There is a deficit balance due PNR as of December 31, 2002 of $825,616 that will be deducted from any future gross proceeds on the Royalty Properties, which deduction will reduce future Royalty income. In addition, no Royalty income will be distributed to unitholders until the Trustee recoups Trust expenses being paid from the reserve that the Trustee has established for anticipated future expenses. As of December 31, 2002 $513,244 will be recouped by the Trustee from future Royalty income before Trust distributions will resume. The unexpended amount withheld by PNR for future abandonment costs at December 31, 2002 was $5,640,443.

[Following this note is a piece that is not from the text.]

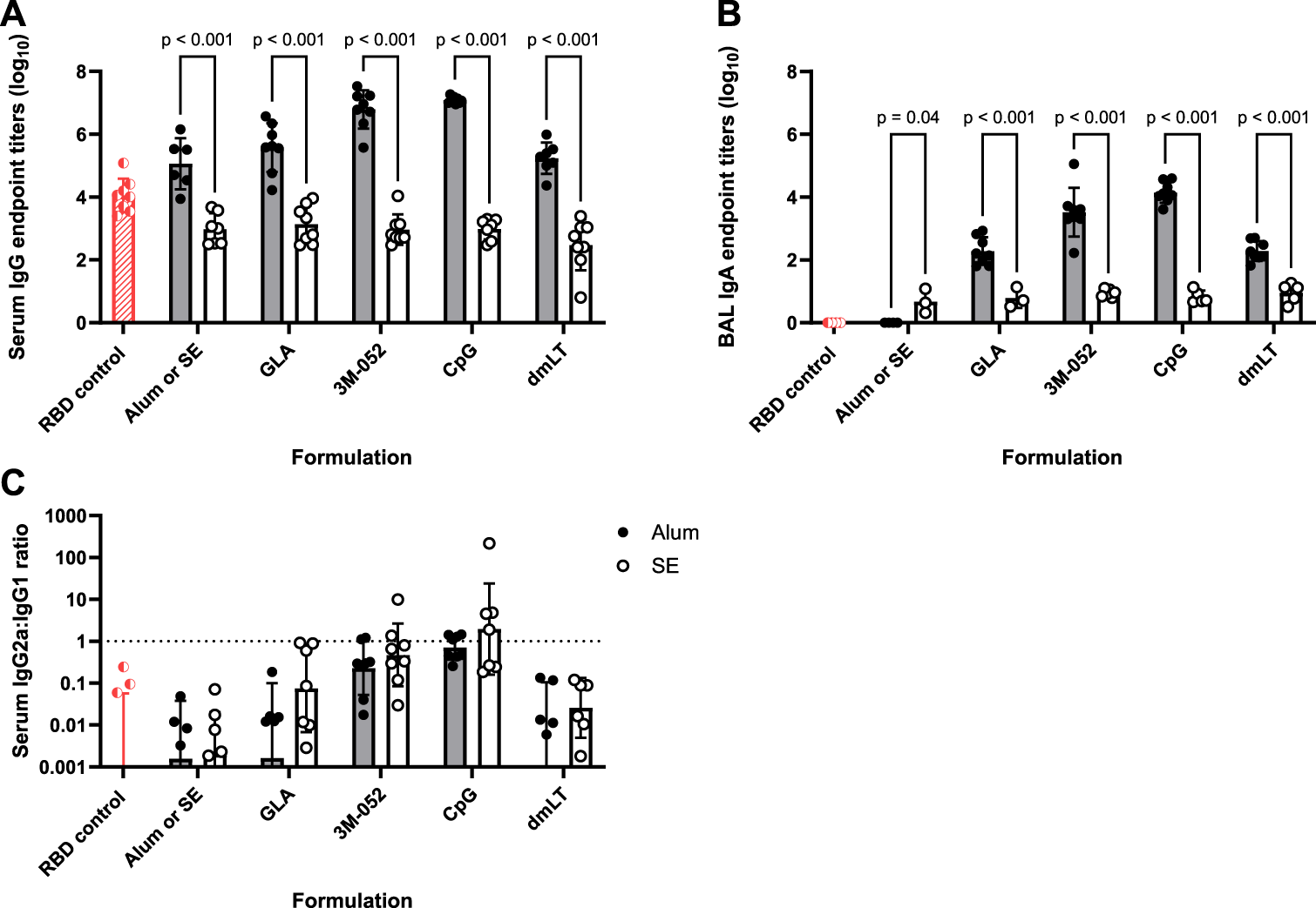 Formulation choice drives humoral response. Data collected from n = 8 (4M:4F) animals on Day 42 after being vaccinated twice intramuscularly (Day 0 and Day 21) with RBD in combination with the indicated receptor agonist formulated with either Alum or SE. RBD control data (red striped) were collected from animals who were vaccinated twice with RBD, without the addition of an adjuvant. The study was divided in half and vaccinations/harvests were staggered 1 week apart to reduce operator burden. Assays presented here were performed for all animals simultaneously using frozen serum and BAL samples. Animals in the Alum-containing groups and the RBD control group were vaccinated and harvested on different days than those in the SE-containing groups. (A) Serum titer of total anti-RBD IgG, (B) BAL titer of anti-RBD IgA, and (C) serum ratio of exponentiated anti-RBD IgG2a/IgG1 titers. (A, B) Statistical significance was determined via repeated t-tests followed by a Holm-Sidak’s correction for multiple comparisons, fixing the family-wide error rate to 0.05. Horizontal bars represent the mean ± SD of log-normalized data. (C) Statistical significance was determined via multiple non-parametric Mann-Whitney tests followed by Holm-Sidak’s correction for multiple comparisons, fixing the family-wide error rate to 0.05. Horizontal bars represent the geometric mean ± geometric SD.

(4) Distributions to Unitholders
Under the terms of the Trust Indenture, the Trustee must distribute to the unitholders all cash receipts, after paying liabilities and providing for cash reserves as determined necessary by the Trustee. The amounts distributed are determined on a monthly basis and are payable to unitholders of record as of the last business day of each month. However, cash distributions are made quarterly in January, April, July and October, and include interest earned from the monthly record dates to the dates of distribution.
(5) Federal Income Taxes
The Trustee reports on the basis that the Trust is a grantor trust. Based on its previous audit policy, the Internal Revenue Service (the "IRS") is expected to concur with such action. No IRS ruling has been received or requested with respect to the Trust, however, and no court case has been decided involving identical facts and circumstances. It is possible, therefore, that the IRS would assert upon audit that the Trust is taxable as a corporation and that a court might agree with such assertion.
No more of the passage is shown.